Today is my kids first day back to school. I start a new
quarter. My wife is finishing one of her quarters. Little man Celli is continuing
to prep to make his debut to this world. I need to ease my way back into this
blogging thing. I have a lot of things that I am excited to share with you over
this upcoming year. But for this week, I am going to do a repost of a series
that I did last year regarding what I think is a dangerous mentality of “everyone
wins.” This series is designed to create some conversation on what it means to
allow our children to lose and struggle and win. If you read it last year,
maybe you’ll want to skip it…and then again you might enjoy it again. If you’re
new to these parts maybe you’ll love it…or maybe you’ll hate it. We’ll see.
Either way. Here is part one of five.


In graduate school I had to take extra classes because of the
institution that I attended. Many of these extra classes were put
together in a string. One of those strings was a connection of three
theology classes. Normally, these classes would be have been taught by
three different professors. Due to a confluence of events, I had the
same professor for all three.

Like all things, this had positives and negatives. One of the
consequences of this was the fact that as a student I tended to hear the
same rants again and again. Doing an unscientific evaluation of my
time, I am guessing that about three hours of my life was spent
listening to rants about “everyone winning.”
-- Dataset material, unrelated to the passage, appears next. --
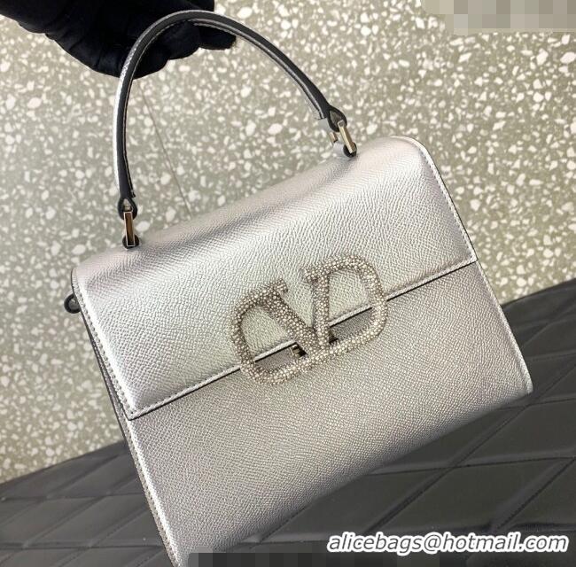 Promotional Valentino Small VSLING Grainy Calfskin Handbag with Strass 7020 Silver 2025

My professor’s basic complaint  was that everyone wins today and that
is having terrible effects on our children and society as a whole. He
was so passionate about it that often the conversations would spill over
into the hallway after class or during break.
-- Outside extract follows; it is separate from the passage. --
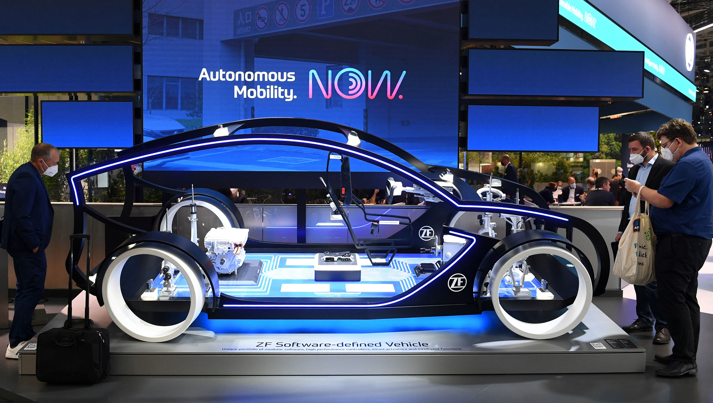 ZF软件公司在9月7日于慕尼黑举行的国际汽车展(IAA)上展示的自动驾驶移动展台。

This lead to some good questions.

  1. What if he was wrong?
  2. What if he was right?
  3. What are the consequences of it?
  4. What is the cause?
  5. What can we do about it?
  6. Should we do anything about it?

I think this is a worthy discussion for anyone to have, especially
anyone who works with kids or has children. There can be little doubt
that if he is right, there are consequences. It is reasonable to examine
those consequences and ponder their effect on our children.